女子プロサッカーのNWSLで大型トレードが発表されています。Western New York FlashのAbby WambachとSeattle ReignのSydney Lerouxの1対1の交換。米女子代表のフォワード同士の交換というのが表面上の話です。

が、です。実際にはこれはトレードでもなんでもありません。Abby Wambachが既に今季NWSLではプレーしないと宣言しています。Wambachは現在34歳、この夏の女子W杯の頃には35歳に。今季NWSLでプレーしないと言うもののひょっとしたらもう二度とNWSLではプレーしない事だってあり得る状況です。ですのでトレードだと考えれば24歳ここから脂の乗ってくるLerouxの放出はSeattle側の丸損であります。なのになぜこれをやるかというとNWSLの創設当時の選手初期配置の問題に遡ります。

NWSL創設当時に運営側がかなり恣意的に選手の配分を行いました。Wambachを出身地間近であるWestern New Yorkに配分したのと、Alex Morgan始め好選手をPortland Thornsに集中。この2チームのみが大型スタジアムを持つためここに資源を集中投入して動員の数を持ち上げようという意図がありました。創設当時はまだWambachがダントツの女子サッカーの顔でそれも地元ということで優遇されてWestern New Yorkに来た。その恩恵の裏返しでFlashだけは米女子代表のメンバーは2名配置、あとのチームは3人を得たのです。

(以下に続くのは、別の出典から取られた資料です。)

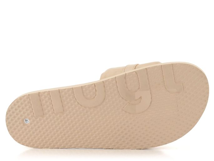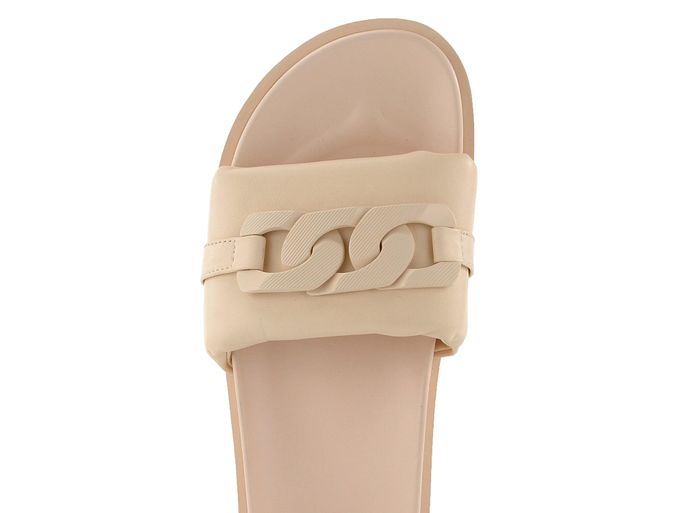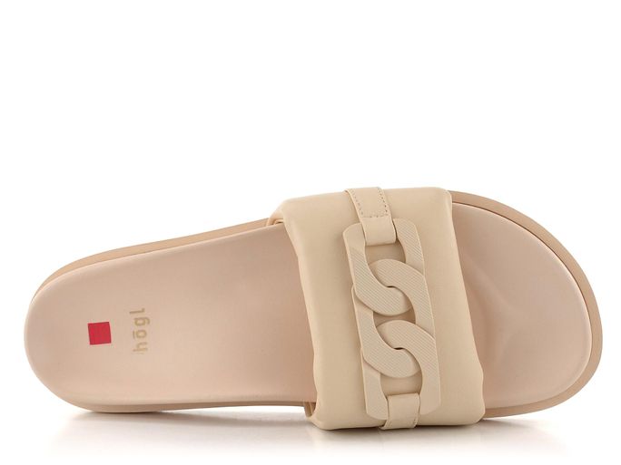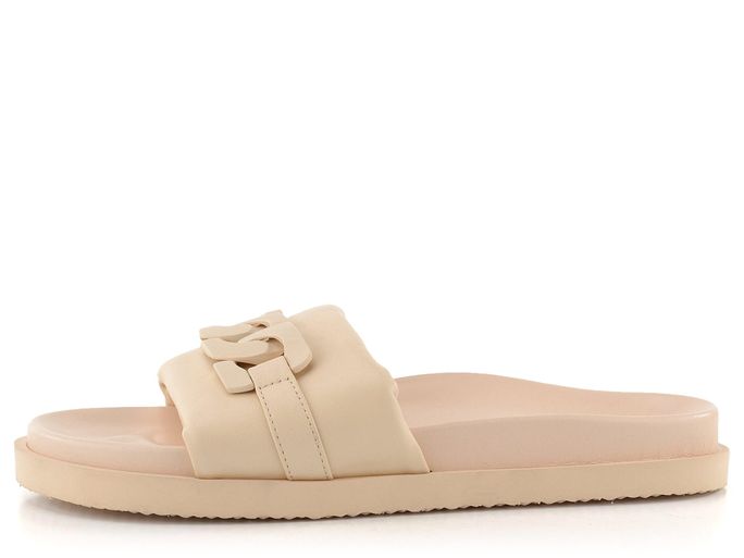 Dámské módní, anatomicky tvarované a pohodlné pantofle v béžovém provedení s kovovou ozdobou.
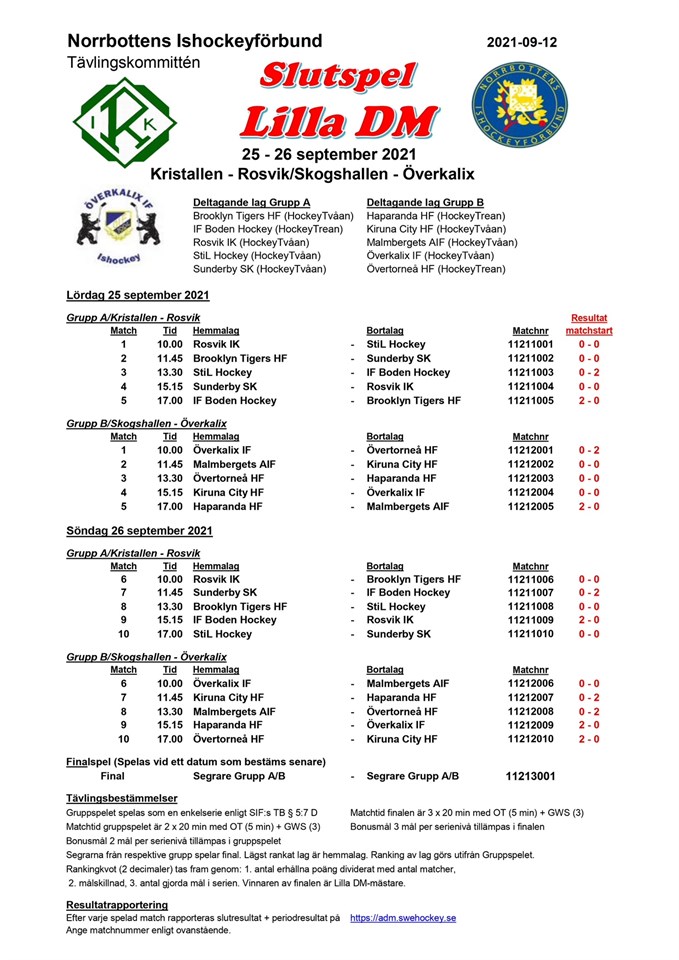 Brooklyn Tigers inledde Lilla DM med en derbyseger mot Sunderbyn (3-2 e sudden), men första dagen i Rosvik fick en bitter eftersmak sedan Boden vunnit med 8-2. ”Vi ville inte göra smutsjobbet”, säger BT:s lagkapten Kevin Lillström Stenroos. Brooklyn Tigers inledde DM i Rosvik med en skön derbyseger mot Sunderbyn. Efter en jämn förstaperiod tog BT initiativet första halvan av den andra perioden, men i slutskedet kvitterade ”Byn” till 2-2 i spel 5 mot 3. BT fick ändå sista ordet när lagets assisterande kapten Rickard Jakobsson-Ström tryckte in segerpucken till 3-2 i förlängningen. - Skönt att starta med en vinst, säger forwarden och lagkaptenen Kevin Lillström Stenroos. I BT-målet imponerade Elias Liljebäck. I den andra matchen ställdes BT mot nybildade division 3-laget Bodens HF med Petter och Jesper Nilsson i båset. Boden fick starta matchen med en 2-0-ledning som division 3-lag, men halvvägs in i den första perioden var BT ikapp till 2-2 efter mål av Jakob Müller och Simon Körberg. Men sen var det roliga slut. Boden vände och vann med hela 8-2 och det var ett besviket Brooklyn-läger efteråt. - Det var våra första matcher på nästan ett år. Under hela dagen har vi kämpat med positionerna och alla måste bidra med en positiv energi. Vi ville inte göra smutsjobbet mot Boden, säger Lillström. - Jag är jättebesviken. Vi lägger ner en enorm energi på det här, men vi var inte bra mot Boden. Jag ska inte skylla på omständigheter, men vi är ett spelande lag och det fungerade inte när vi spelade sent mot Boden på den här isen, säger BT-tränaren Magnus Brännvall. Målen, BT mot Sunderbyn: Robin Berggren, William Sandsten, Rickard Jakobsson-Ström. Målen, BT mot Boden: Jakob Müller, Simon Körberg. Under söndagen väntar Rosvik kl 10 och STIL Hockey kl 13.30 i Kristallen i Rosvik. Matcherna spelas 2 x 20 minuter.

そういう経緯があったのですがWambachがプレーしないと言い出した。これではFlashに残る米代表の主力はCarly Lloydだけになってしまう。これじゃNWSLの動員政策に大いに狂いが出る。Wambachの地元動員パワーの補充には無理でもたぶんこの夏女子W杯でスターになるであろうLerouxを入れてテコ入れしようという意図と受け取りました。


で表題の件なんです。その昔、女子サッカーがプロリーグを始めた頃にはそれは女子アスリートとしては夢だったはずです。Mia Hammたちの頃は皆がプロリーグができることに感激してなんでもやるという姿勢で臨んでいたものです。WUSA, WPSと二度の女子プロリーグの崩壊を経て三度目のいまのNWSL。それにWambachは出ないとそっけなく拒否してしまうようになってしまったんですねえ。NWSLは米サッカー協会などからの資金提供もあって自分がヒーコラW杯年までプレーしまくらなくても潰れないと見越したのか、自分の地元のチームから離脱してしまう。なんか違うんじゃないかなあと思うんですが。

Wambachの離脱はW杯への準備や自分のコンディションの調整が難しくなってきたこと以外にも、Flashの同僚であるLloydとの確執(前任代表監督がWambachを代表の主力から外そうとしたときにLloydはそれを支持したとされます。その後Wambachは監督をクーデター追い落とし)もあるんでしょうし、Wambachの私的パートナー(同性婚妻)のSarah Huffmanが2013年はFlashのチームメイトだったのが2014年シーズンはPortland所属になって離ればなれになっていたのも影響したのかしなかったのか。いずれにせよ極々私的な理由しか今回の離脱にはないのです。同僚が嫌い、嫁さんと別居が嫌、疲れるから代表だけにするわ。その昔、女子リーグを成立させるためならなんでもするといった初期の選手達とは心の在りようが随分変わっちゃったんだなあと思わせられます。そういう贅沢が言えるだけの女子スポーツの状況になったことを喜ぶべきか、それとも女子サッカーで数少ないお金も知名度も得たWambachの自分勝手と取るか。W杯での米代表チーム内の微妙なひび割れにならないと良いですけど。